Somebody described Andy as kind of the “the glue”.

Well that is kind of a mundane metaphor, but Andy held it together because of his openness and enthusiasm on what people had to say, and to convey in terms of, you know, their ideas and their enthusiasms.

I’m happy,,you want to add anything?

Well, you know, it’s forty two years since I met Andy. It’s a long period of time, it’s like almost half of my life, in a sense, well it’s more than half of my life. If I live to be eighty it would be half of my life. (laugh) It’s been a long time. (laugh) As a friend of mine Rene Ricard once said about me, he said, “Gerard, your life is existing without you.” And that seems to be pretty much it in a sense. I kind of look back on all this, but I don’t really dwell on it. I’m so involved in my own work now that all of that is so separate from me.

It’s someone else’s history, and it’s kind of like, did it really happen? You kind of like pinch yourself.
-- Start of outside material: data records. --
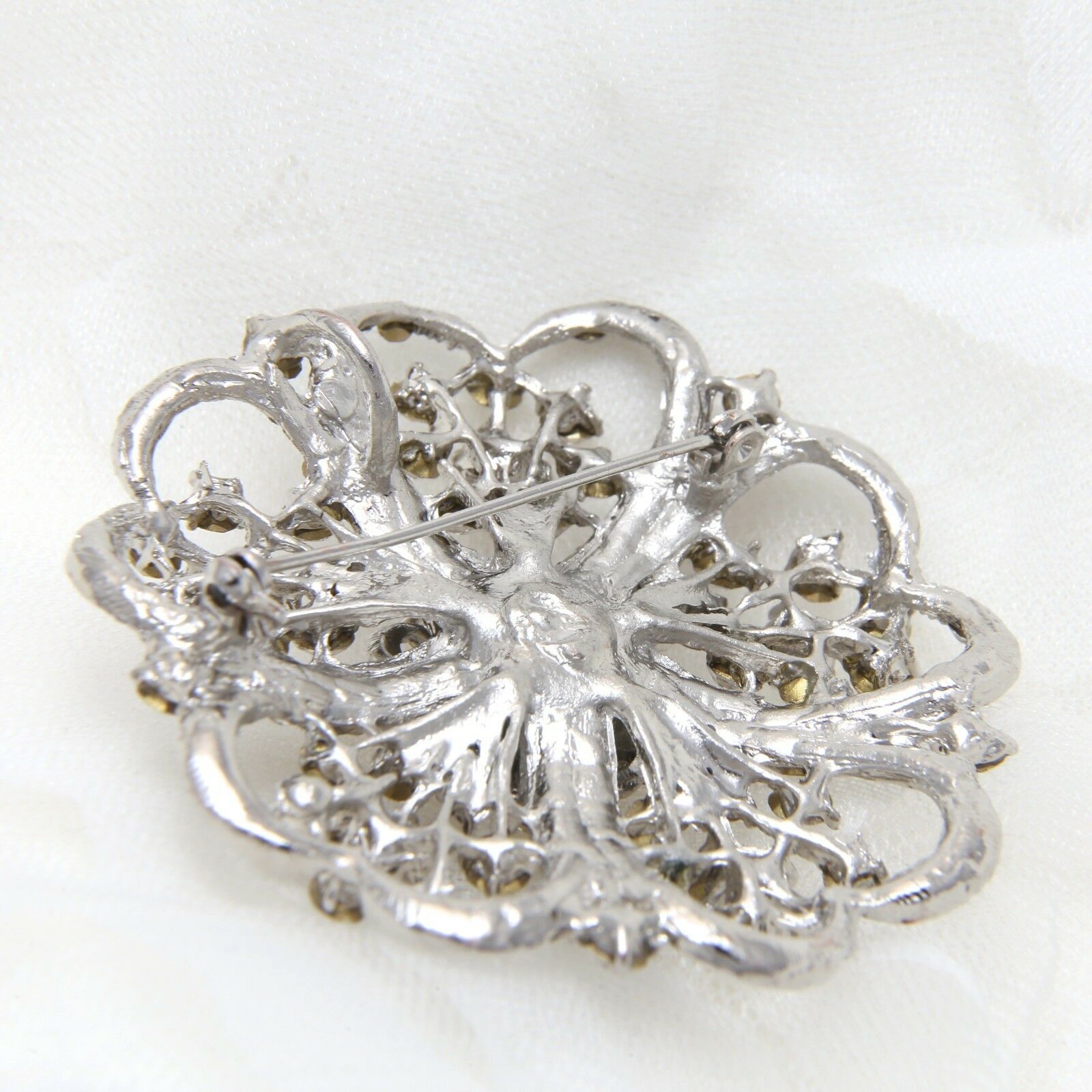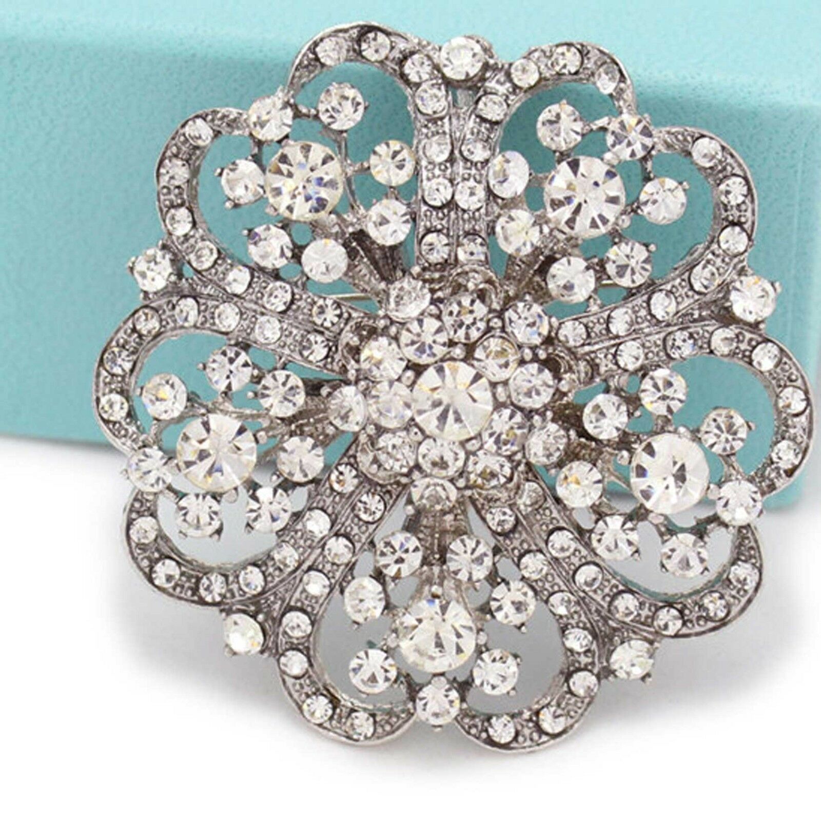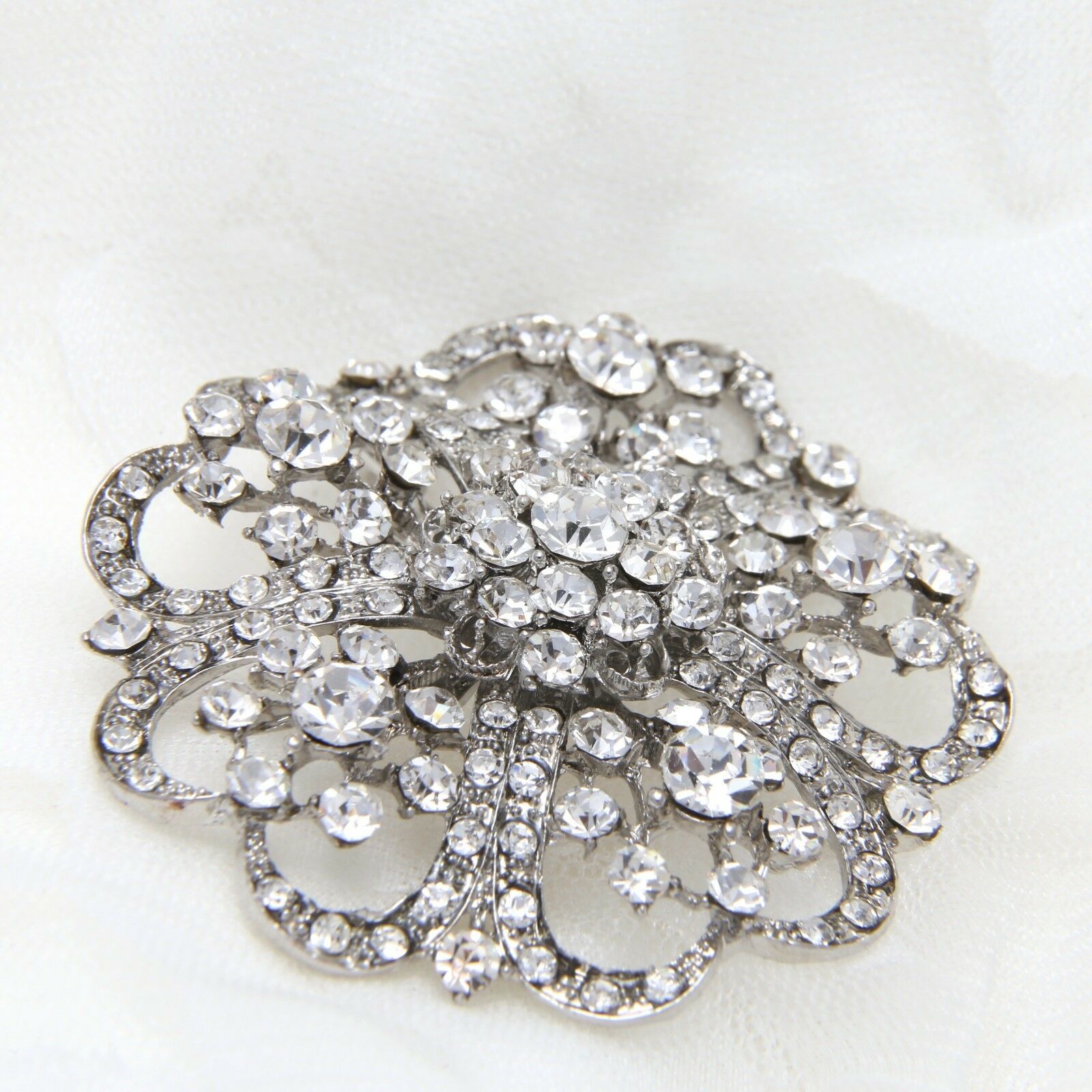 Rhinestone Crystal Silver Flower Brooch Pin Wedding Jewellery
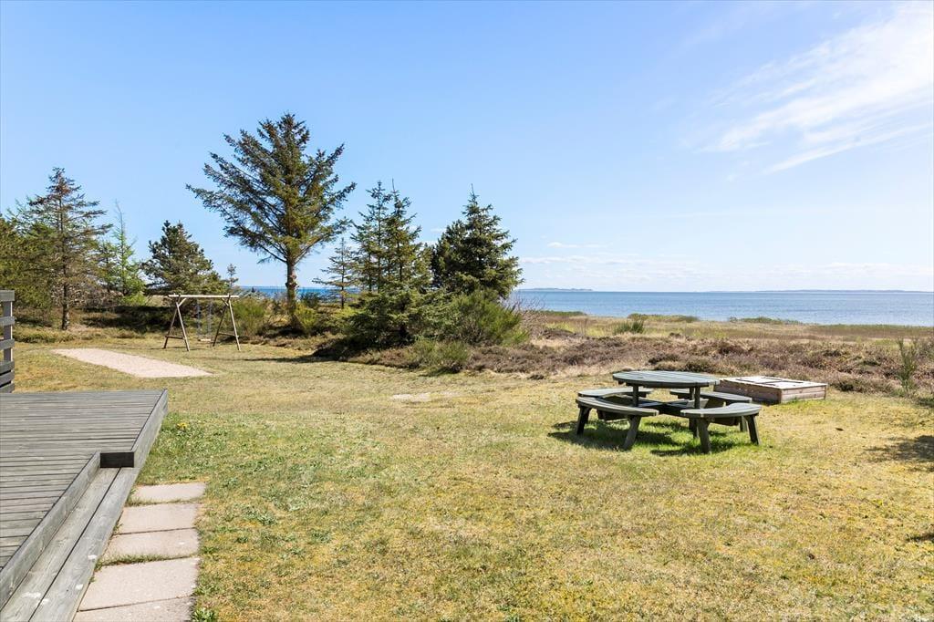 Træterrassen, der breder sig mod syd og øst, er noget helt særligt, for den er ikke bare stor, men byder også på den skønneste udsigt over vandet. Der venter også andre terrasser og uforstyrrede lækroge rundt om huset, og hvis de yngste feriegæster trænger til lidt underholdning, er der både gynge og sandkasse at hygge sig med. Hele familien kan udfordre hinanden på petanquebanen, og hvis en af jer har været ude med fiskestangen og har fået bid, er det rart, at der står et praktisk fiskerensebord med vand og håndvask i forlængelse af den overdækkede terrasse.
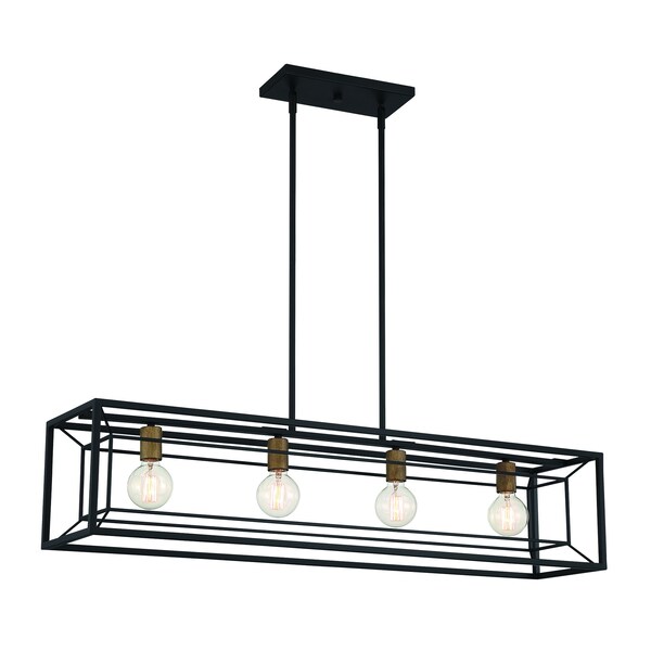 Within 60 Watt 4 Light Matte Black Linear Pendant with Cage Shade
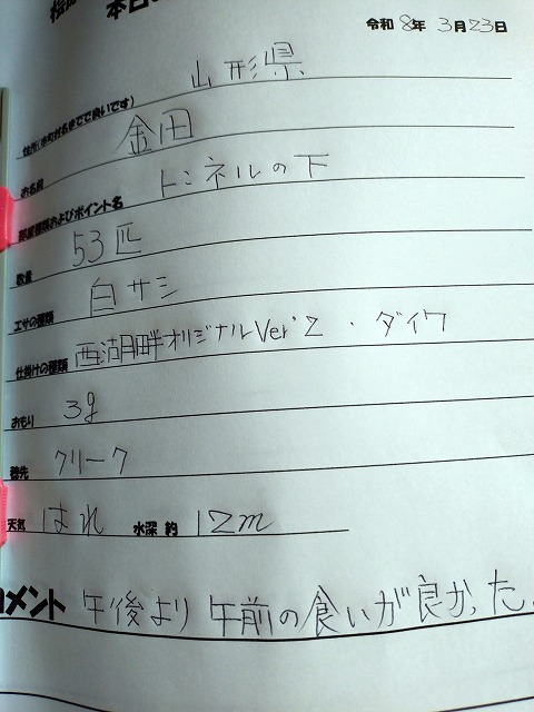 2026年3月23日 / 最終更新日時 : 2026年3月24日 hibaranishi ワカサギ R8.3/23 本日のワカサギ釣果 3月23日 月曜日 曇り時々晴れ★トンネル下ポイント(乗合船) 山形県 金田様 53尾 せっかくワカサギらしき魚影が来ても、外道到来と共に消え去っていく…今季の桧原湖はどぉしたものか😭
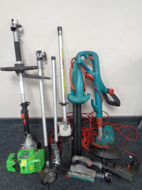 A crate containing a Florabest Petrol garden multi-tool together with a Bosch garden strimmer and hedge trimmer and other power tools.
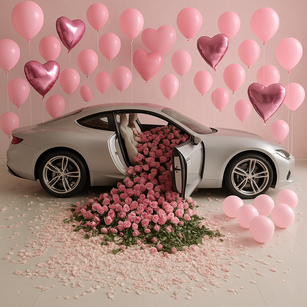 Luxury Car Roses Decor with 50 Balloons

You go through life and you realize that things you think you remember, you don’t remember, and things you don’t remember come back to you in a flash. And yeah, my philosophy is, “It’s a long life, but life is short.” And, I mean, we’re only on this planet for a short period of time, so we want to be the best we can, with what we’re doing, to enjoy that life, and it seems that, on occasion, when I have the opportunity to look back at the work I’ve done during that period with Andy and aside from Andy, it’s been a wonderful experience.

There was not a day that went by that I did not think we were doing something important. I felt that, I did not know what it was, but I just felt that we were doing something of importance, and so it was very inspiring from that point of view, a lot of creative activity.